§ Exercise prompt: Among the lines of data below, reproduce only those from the one with "Mỗi năm là một" through the one with "the manner of", exactly as they stand, both ends included.

§ Supplied information:
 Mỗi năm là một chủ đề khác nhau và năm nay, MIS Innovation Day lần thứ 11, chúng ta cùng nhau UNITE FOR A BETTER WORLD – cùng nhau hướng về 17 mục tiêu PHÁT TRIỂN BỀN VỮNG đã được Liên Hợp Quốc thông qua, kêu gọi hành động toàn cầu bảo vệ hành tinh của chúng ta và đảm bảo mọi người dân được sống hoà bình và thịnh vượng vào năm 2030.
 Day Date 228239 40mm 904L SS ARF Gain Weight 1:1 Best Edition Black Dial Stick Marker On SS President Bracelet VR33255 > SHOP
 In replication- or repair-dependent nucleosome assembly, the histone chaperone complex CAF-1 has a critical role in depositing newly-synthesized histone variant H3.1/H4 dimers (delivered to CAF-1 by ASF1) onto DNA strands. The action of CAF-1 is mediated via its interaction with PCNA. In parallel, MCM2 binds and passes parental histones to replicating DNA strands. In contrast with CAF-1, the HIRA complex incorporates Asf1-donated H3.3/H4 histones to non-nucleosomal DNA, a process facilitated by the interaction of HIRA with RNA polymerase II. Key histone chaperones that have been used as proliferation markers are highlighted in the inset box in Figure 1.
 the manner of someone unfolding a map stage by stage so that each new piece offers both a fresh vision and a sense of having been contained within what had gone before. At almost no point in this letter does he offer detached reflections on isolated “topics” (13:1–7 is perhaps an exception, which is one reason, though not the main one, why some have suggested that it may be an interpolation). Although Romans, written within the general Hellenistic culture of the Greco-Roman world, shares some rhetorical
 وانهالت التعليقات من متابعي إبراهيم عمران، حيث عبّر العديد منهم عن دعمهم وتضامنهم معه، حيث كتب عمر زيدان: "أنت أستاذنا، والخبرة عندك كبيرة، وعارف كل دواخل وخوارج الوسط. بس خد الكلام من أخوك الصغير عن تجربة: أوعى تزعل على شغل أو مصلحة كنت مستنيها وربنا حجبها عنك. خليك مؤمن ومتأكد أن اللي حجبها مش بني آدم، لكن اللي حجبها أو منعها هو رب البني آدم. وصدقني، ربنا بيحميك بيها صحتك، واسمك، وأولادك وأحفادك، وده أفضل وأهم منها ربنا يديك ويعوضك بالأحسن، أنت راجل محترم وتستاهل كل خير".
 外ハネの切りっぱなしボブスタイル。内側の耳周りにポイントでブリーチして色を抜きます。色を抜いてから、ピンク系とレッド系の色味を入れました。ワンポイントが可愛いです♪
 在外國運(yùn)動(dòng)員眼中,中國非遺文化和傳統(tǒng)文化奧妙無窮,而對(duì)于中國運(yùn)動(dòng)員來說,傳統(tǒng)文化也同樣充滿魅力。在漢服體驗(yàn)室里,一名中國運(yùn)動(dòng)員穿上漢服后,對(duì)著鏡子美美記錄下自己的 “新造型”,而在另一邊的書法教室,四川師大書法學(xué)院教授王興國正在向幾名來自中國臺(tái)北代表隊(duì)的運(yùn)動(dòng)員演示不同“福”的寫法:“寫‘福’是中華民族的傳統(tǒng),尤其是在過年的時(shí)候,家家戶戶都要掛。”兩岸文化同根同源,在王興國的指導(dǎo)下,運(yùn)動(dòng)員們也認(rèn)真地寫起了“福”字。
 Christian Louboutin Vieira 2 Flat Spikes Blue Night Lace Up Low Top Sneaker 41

---

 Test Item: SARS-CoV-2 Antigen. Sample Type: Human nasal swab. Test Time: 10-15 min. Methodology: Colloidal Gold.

§ Answer space:
 Mỗi năm là một chủ đề khác nhau và năm nay, MIS Innovation Day lần thứ 11, chúng ta cùng nhau UNITE FOR A BETTER WORLD – cùng nhau hướng về 17 mục tiêu PHÁT TRIỂN BỀN VỮNG đã được Liên Hợp Quốc thông qua, kêu gọi hành động toàn cầu bảo vệ hành tinh của chúng ta và đảm bảo mọi người dân được sống hoà bình và thịnh vượng vào năm 2030.
 Day Date 228239 40mm 904L SS ARF Gain Weight 1:1 Best Edition Black Dial Stick Marker On SS President Bracelet VR33255 > SHOP
 In replication- or repair-dependent nucleosome assembly, the histone chaperone complex CAF-1 has a critical role in depositing newly-synthesized histone variant H3.1/H4 dimers (delivered to CAF-1 by ASF1) onto DNA strands. The action of CAF-1 is mediated via its interaction with PCNA. In parallel, MCM2 binds and passes parental histones to replicating DNA strands. In contrast with CAF-1, the HIRA complex incorporates Asf1-donated H3.3/H4 histones to non-nucleosomal DNA, a process facilitated by the interaction of HIRA with RNA polymerase II. Key histone chaperones that have been used as proliferation markers are highlighted in the inset box in Figure 1.
 the manner of someone unfolding a map stage by stage so that each new piece offers both a fresh vision and a sense of having been contained within what had gone before. At almost no point in this letter does he offer detached reflections on isolated “topics” (13:1–7 is perhaps an exception, which is one reason, though not the main one, why some have suggested that it may be an interpolation). Although Romans, written within the general Hellenistic culture of the Greco-Roman world, shares some rhetorical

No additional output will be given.